Published online by Cambridge University Press: 27 April 2022
Science, belief and sociology
Summarizing the sociological study of science and religion a little over 10 years ago, John H. Evans and Michael S. Evans (2008: 88) wrote:
Although we know of no study of the comparative coherence of sociological research areas, we suspect that the field of religion and science is one of the muddiest in all of sociology. The conceptual source of this muddiness lies in the long-running academic assumption that religion and science always conflict and that they conflict over competing truth claims about the world. It is therefore hard for sociologists to analyze the relationship dispassionately because sociology itself was born as a scientific alternative to religion.
While, as we will see shortly, there have been notable developments since this was written, Evans and Evans's point still stands. Sociological exploration of questions to do with science and religion (or, as we prefer to phrase it, science and belief) is extremely limited and scattered across largely isolated sub-disciplines. Beyond the US (where most research has focused), it would be hard to even describe it as a ‘field of study’, so limited and disjointed has research been to date. This is surprising in many ways because science and religion has been an abiding subject of public debate for many decades in many parts of the world, and there are numerous ways in which it intersects with sociologists’ concerns. Religious voices play a prominent role in many conflicts over science, from stem cell research to, most famously, evolution. There has also been a trend towards religious groups – from evangelicals (Toumey, 1994) to Muslim revivalists (Unsworth, Chapter 12, this volume), to Hindu nationalists (Thomas, Chapter 6, this volume) – justifying their beliefs by making a claim on science (von Stuckrad, 2014).
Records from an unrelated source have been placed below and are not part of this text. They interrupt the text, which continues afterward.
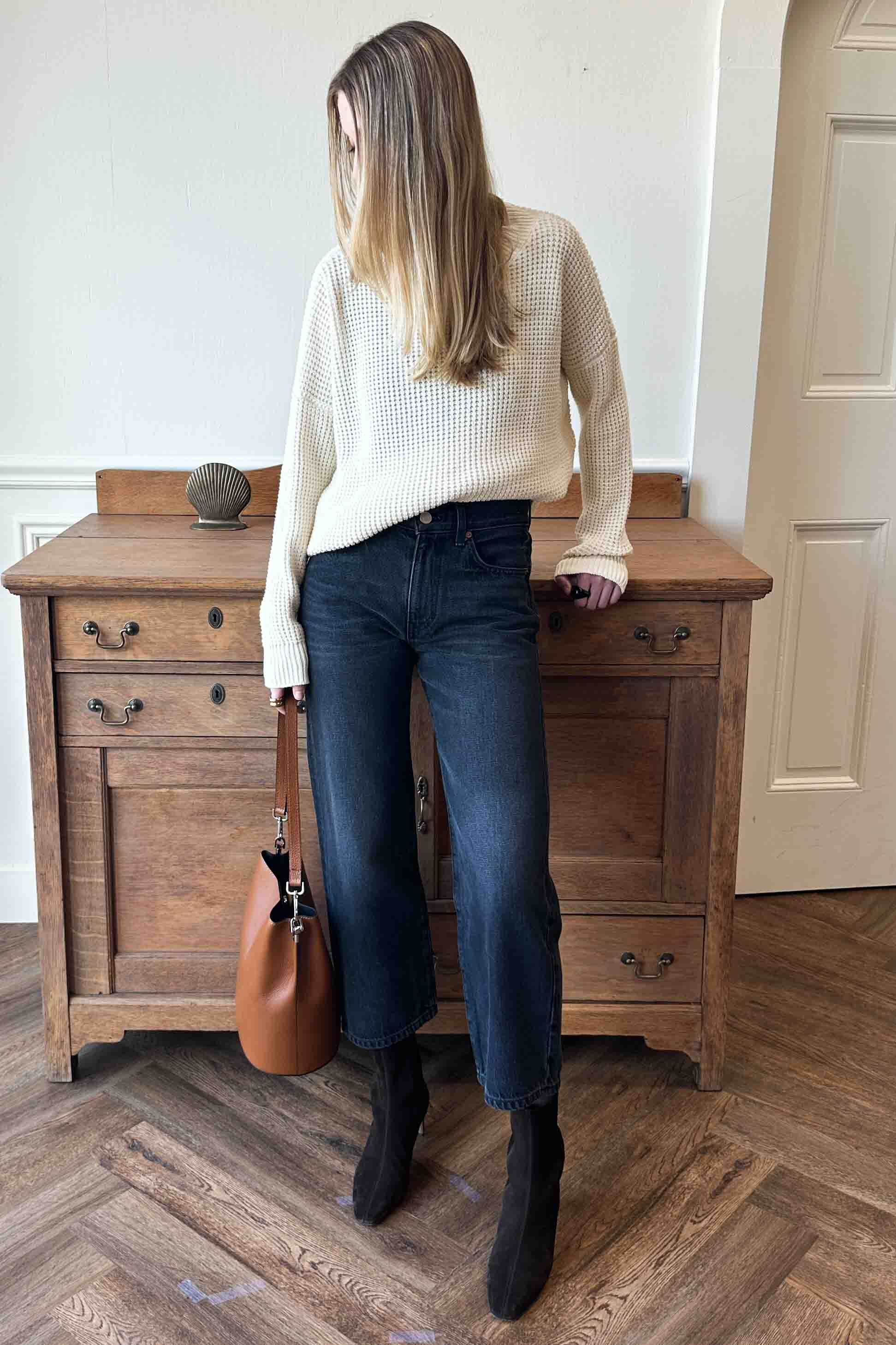 This boot is specifically made with a high shaft to be worn w/ ankle jean, maxi skirts + dresses w/ a clean line and no ankle show thru. Walkable sleek...
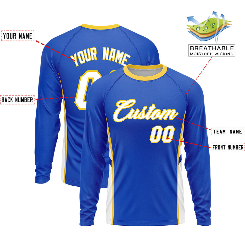 Custom Royal White Crew Neck Personalized Raglan Long Sleeve Performance T-Shirt
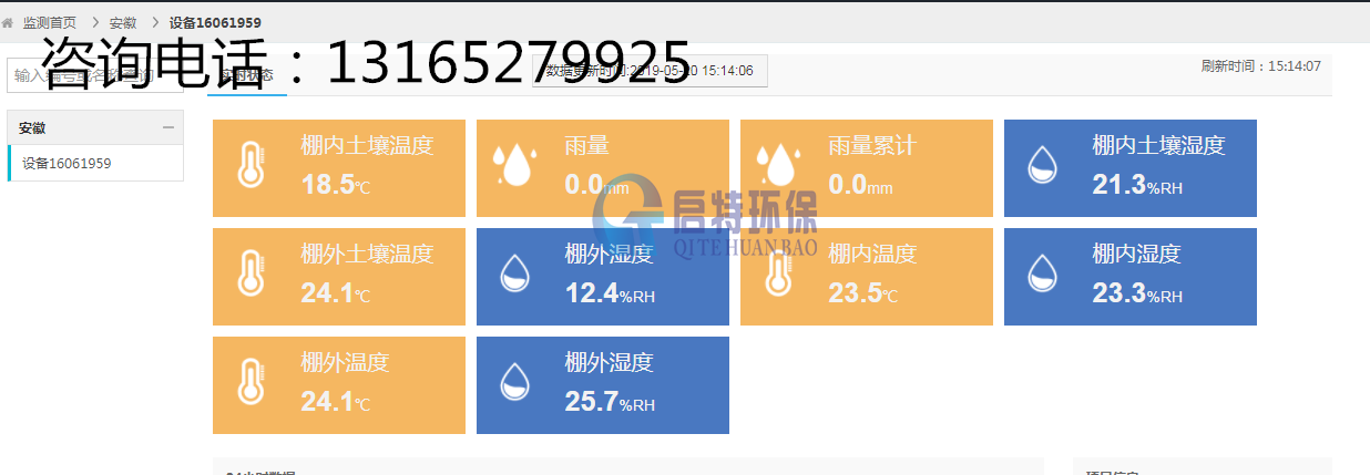 二、監測要素 (1)大氣環境類:環境溫度,環境相對濕度,露點溫度,大氣壓力,風速,風向,降水量,水面蒸發,葉面濕度,日照時數,光照度,太陽總輻射,光合有效輻射,紫外線輻射 (2)土壤參數類:土壤溫度,土壤濕度,土壤熱通量,土壤水勢,土壤導電率等 (3)生態環境類:CO2等
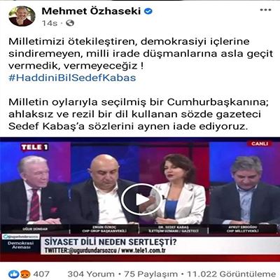 Gazeteci Sedef Kabaş, geçtiğimiz günlerde katıldığı bir televizyon programda Cumhurbaşkanı Recep Tayyip Erdoğan'a yönelik hakaret içeren sözler kullandığı iddiasıyla gözaltına alınmıştı. Gazeteci Sedef Kabaş’ın Cumhurbaşkanı Erdoğan'a yönelik kullandığı sözler üzerine savcılıkta harekete geçerek soruşturma başlattı. RTÜK tarafından da televizyon programın hakkında inceleme başlatıldı. Gazeteci Kabaş, geçtiğimiz gün gece 02.00 sıralarında ‘Cumhurbaşkanına hakaret’ suçundan gözaltına alındı. Olayla ilgili Cumhurbaşkanlığı ve AK Parti yönetiminden peş paşa tepkiler geldi.
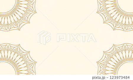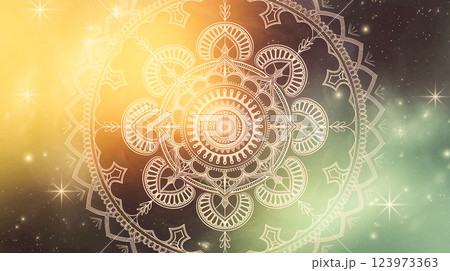 創輝漸變背景上的圓形曼陀羅.有花卉圖案的曼陀羅。柔和的瑜珈模板。與圓形曼陀羅的漸層背景。
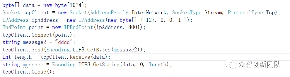 我们按步骤来先创建一个Socket指定TCP/IP通信协议,然后写入IP地址和端口号连接指定的服务器。在其中发生了三次握手,就会连接成功。这样我们就可以和服务器自由发送消息了。发送消息我们用send方法写入信息,比如上图发送的消息就是dddd。关闭连接我们用close方法。
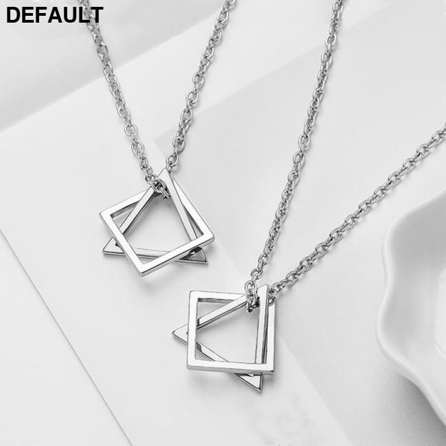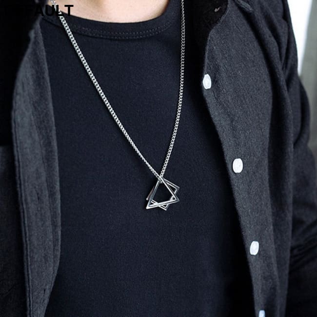 Rinhoo Trendy Interlocking Square Triangle Pendant For Men Stainless Steel Geometric Stacking Streetwear Hip Pop Rock Necklace

At the same time, science has been deeply entangled in debates about secularization; many non-religious people see science as central to their identity (Lee, Chapter 8, this volume), while humanist and secularist organizations have regularly characterized themselves as ‘fighting in the name of science’ (Kind, Chapter 9, this volume). Yet, this subject has been on the margins of sociology for many years.
It is hard to understand why this is without, as Evans and Evans say, taking into account the influence of what historians refer to as the ‘conflict thesis’.